Beijing (Reuters)
China’s central bank plans to enhance its monetary policy strategies and gradually adjust treasury bond transactions, as stated in its second-quarter monetary policy report.
Key Points
- The People’s Bank of China (PBOC) aims to lower financing and credit costs for companies and households, ensuring that the monetary policy remains “flexible, moderate, precise, and effective.”
- The bank intends to manage credit growth and maintain liquidity levels.
- It will monitor long-term bond yields during economic recovery and conduct stress tests on financial institutions to mitigate interest rate risks.
- The PBOC intends to improve its methods of monetary base injection and gradually increase government bond trading in the open market.

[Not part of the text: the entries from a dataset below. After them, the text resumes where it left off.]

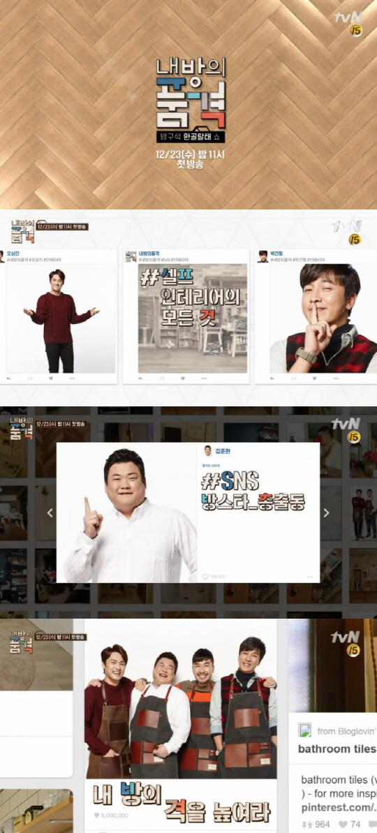 23일 오후 tvN 새 예능 프로그램 '내 방의 품격'이 첫 전파를 탄다. '내 방의 품격'은 바로 적용 가능한 생활밀착형 인테리어 정보를 전하는 인테리어 토크쇼다. 방의 격을 높이는 인테리어 재료 구입 방법부터 소품 만드는 법, 가구 리폼하는 법까지 각 분야별로 특화된 인테리어 고수들이 출연해 MC 노홍철, 박건형, 오상진, 김준현과 함께 셀프 인테리어 비법을 전한다.
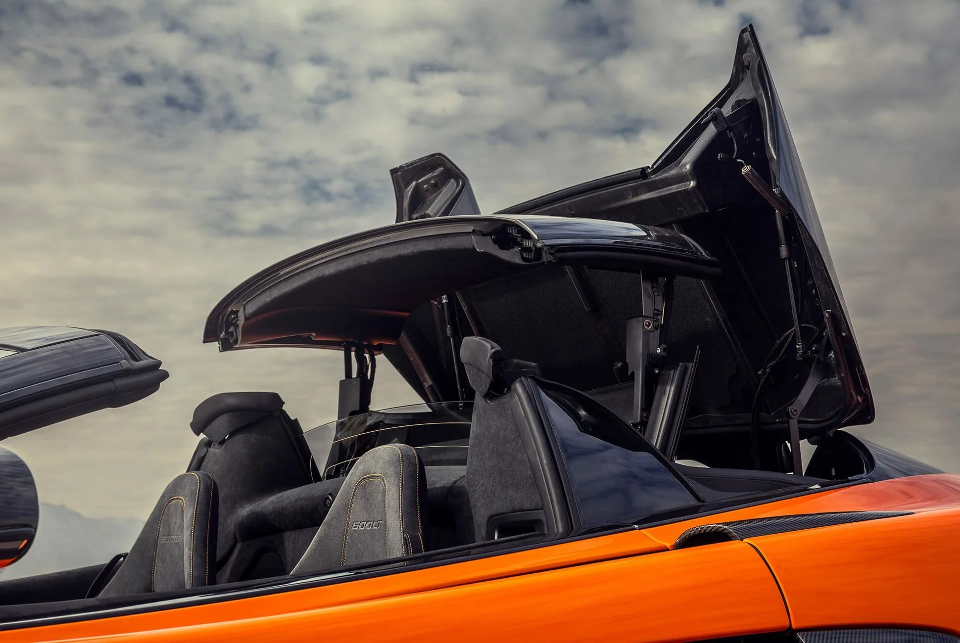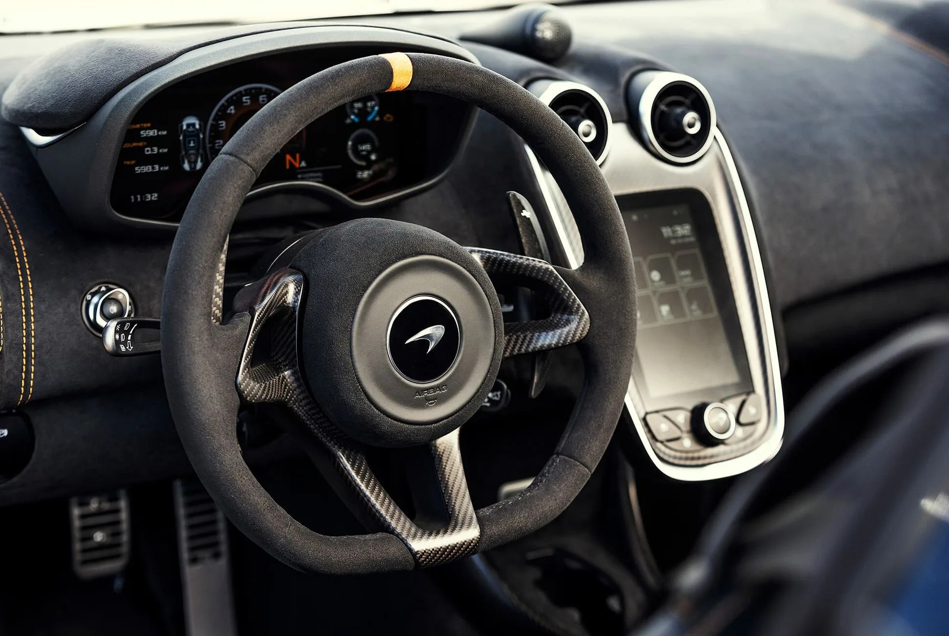 Here’s a fun bar fact that’ll make you sound very smarts: in the 1997 Formula 1 season, a photographer spotted a second brake pedal in the McLaren MP4/12 race car. It emerged that pedal was for brake-steer and, when engaged by the driver, it clamped down on the inside rear wheel during a turn to offset understeer. It was outlawed by F1 officials at the end of that season, but it’s back in the 600LT and the Spider. What that brake vectoring does is help the car absolutely tear through corners at high speeds. A little trail braking into a turn, and the front end tucks in, grabs hold of the line and stays there until you unwind the wheel again.
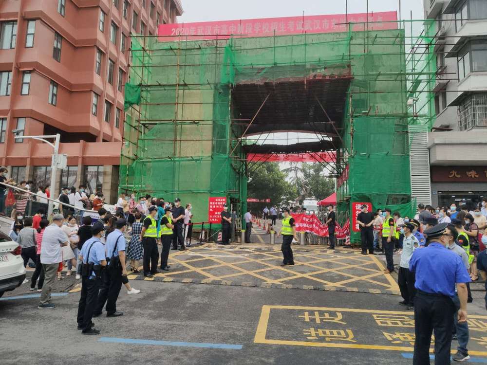 記者在武漢東湖中學考點門前看到,交警、民警、水務、電力、城管等多個部門工作人員嚴陣以待,以高考標準迎接考生進場。
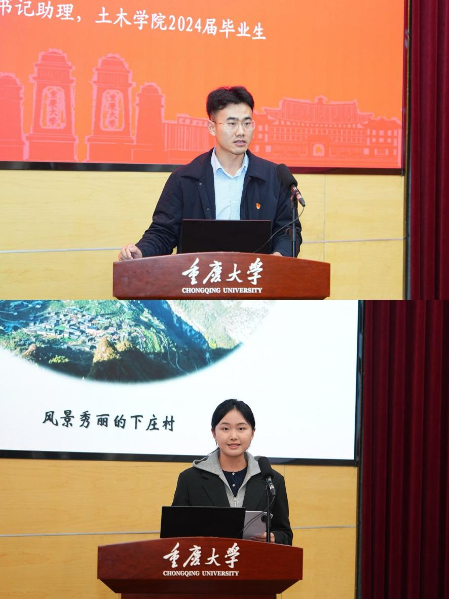 2024届毕业生李华,学生服务乡村振兴志愿者协会会长邹阳芮分别作了报告。
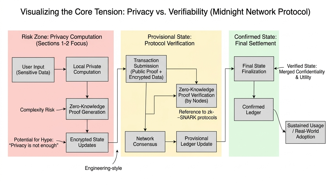 A Midnight Network não está apenas se posicionando como uma cadeia privada. Está tentando criar um sistema onde as transações podem permanecer confidenciais enquanto ainda são provavelmente corretas.
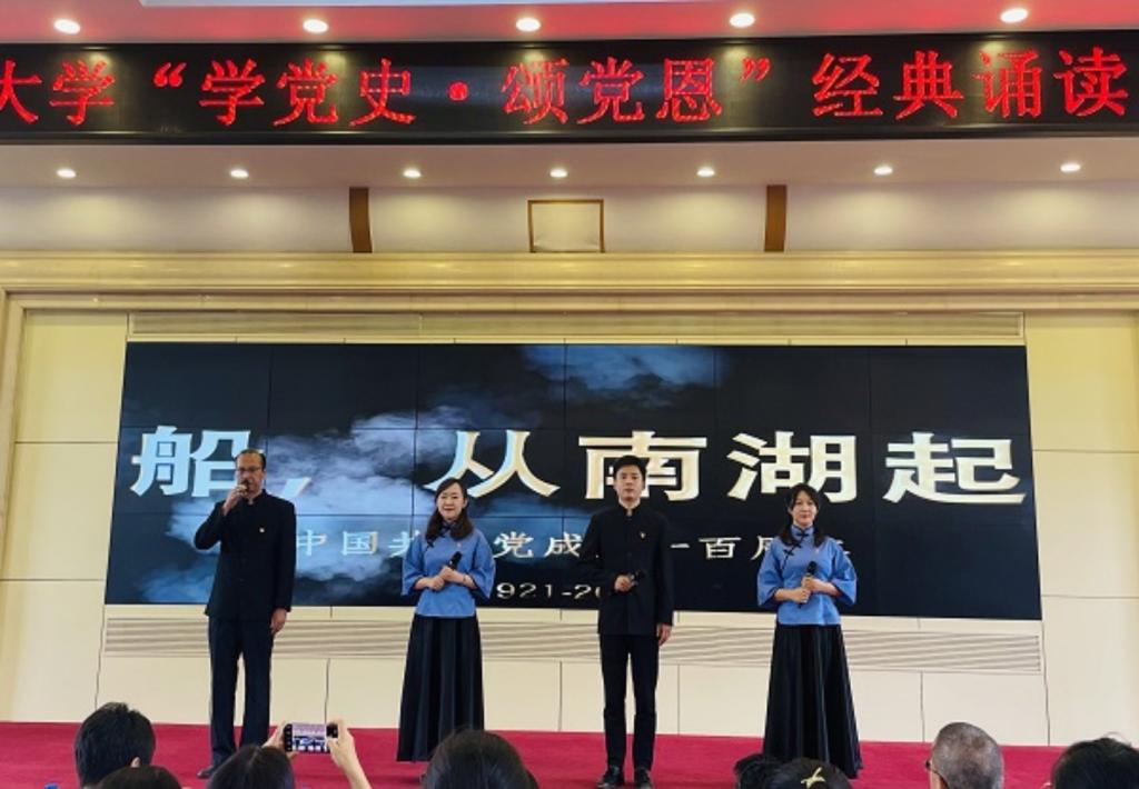 2021年6月18日下午,学校在北附201学术报告厅举办“学党史、颂党恩”经典诵读比赛。我院朗诵作品《船,从南湖启航》在比赛中荣获二等奖。

- Observations of foreign central bank policies will also be a focus.
Economic Context
China’s second-quarter economic growth fell short of expectations, impacted by a property downturn and slow domestic demand. Mixed signals emerged from July’s economic indicators.
Interest Rates and the Yuan
The central bank plans to adjust the interest rate corridor and clearly signal any changes to the market. Recent measures include employing temporary repos to enhance open market operations.

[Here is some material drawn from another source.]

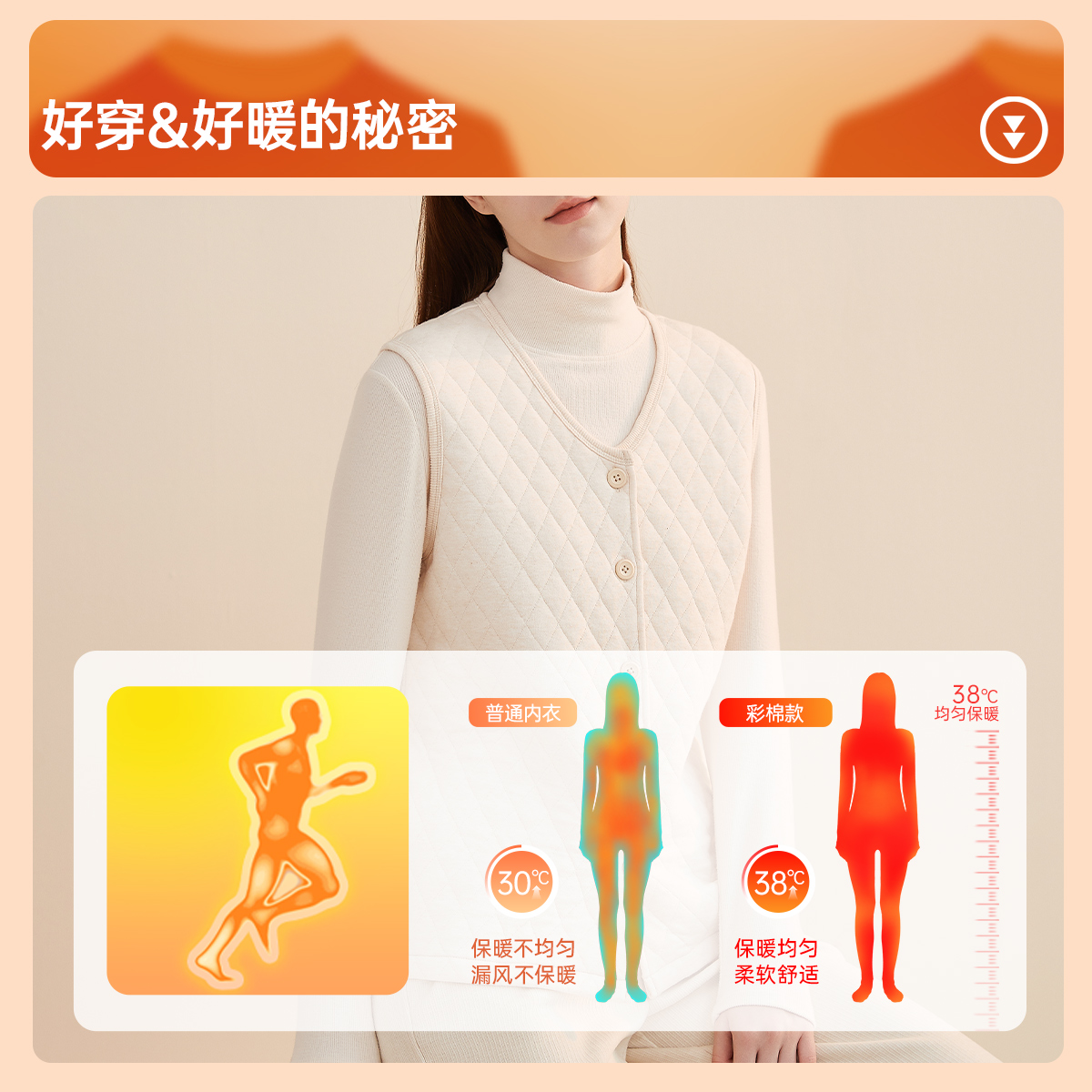 顶瓜瓜顶瓜瓜保暖背心女彩棉空气层纯棉亲肤透气秋冬保暖上衣男

Regarding the Chinese yuan, the PBOC aims to prevent unilateral expectations and curb risks of excessive exchange rate fluctuations, with the yuan appreciating this month amid broader market changes.
Property Sector Support
To stabilize the property sector, the PBOC will increase support for construction activities and affordable housing development, while maintaining price stability and moderate inflation in its monetary policy—key concerns highlighted given recent increases in consumer prices due to supply disruptions and ongoing producer deflation.